The #1 issue when integrating with FastAPI, Django, and Pydantic is now solved:

import datason
from datason.config import get_api_config
from pydantic import BaseModel

# ❌ Problem: UUIDs become objects, breaking Pydantic validation
data = {"user_id": "12345678-1234-5678-9012-123456789abc"}
result = datason.auto_deserialize(data)  # UUID object - fails Pydantic!

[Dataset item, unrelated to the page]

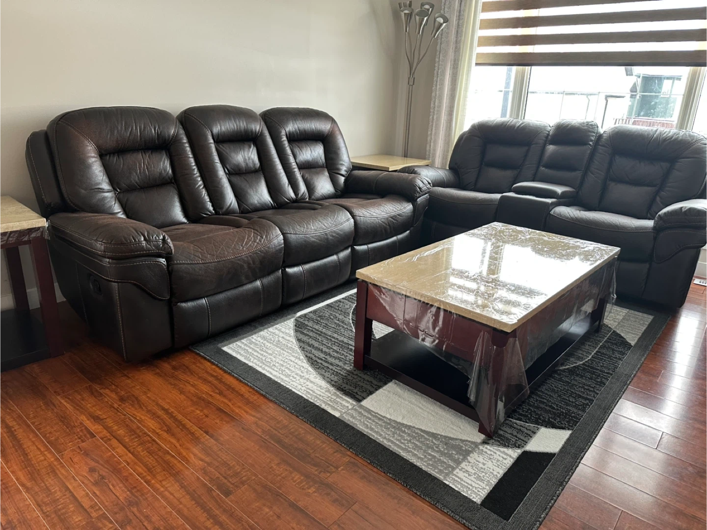 Selling a comfortable brown leather reclining sofa set. It includes a three-seater sofa and a loveseat. The sofas show some signs of wear, but are still in good condition and very cozy! Great for a family room or entertainment area

# ✅ Solution: Use API config to keep UUIDs as strings
api_config = get_api_config()
result = datason.auto_deserialize(data, config=api_config)  # UUID string - works!

class User(BaseModel):
    user_id: str  # ✅ Now works perfectly!

user = User(**result)  # Success! 🎉

Perfect for: FastAPI APIs, Django REST Framework, Flask JSON endpoints, any Pydantic application

📖 Read the complete API integration guide →


🎯 Two Powerful Approaches

import datason as ds

# 🎯 Clear function names that tell you exactly what they do
user_data = {"name": "Alice", "email": "alice@example.com", "ssn": "123-45-6789"}

# Security-focused with automatic PII redaction
secure_data = ds.dump_secure(user_data, redact_pii=True)

# ML-optimized for models and tensors
import torch
model_data = {"model": torch.nn.Linear(10, 1), "weights": torch.randn(10, 1)}
ml_data = ds.dump_ml(model_data)

# API-safe clean JSON for web endpoints
api_response = ds.dump_api({"status": "success", "data": [1, 2, 3]})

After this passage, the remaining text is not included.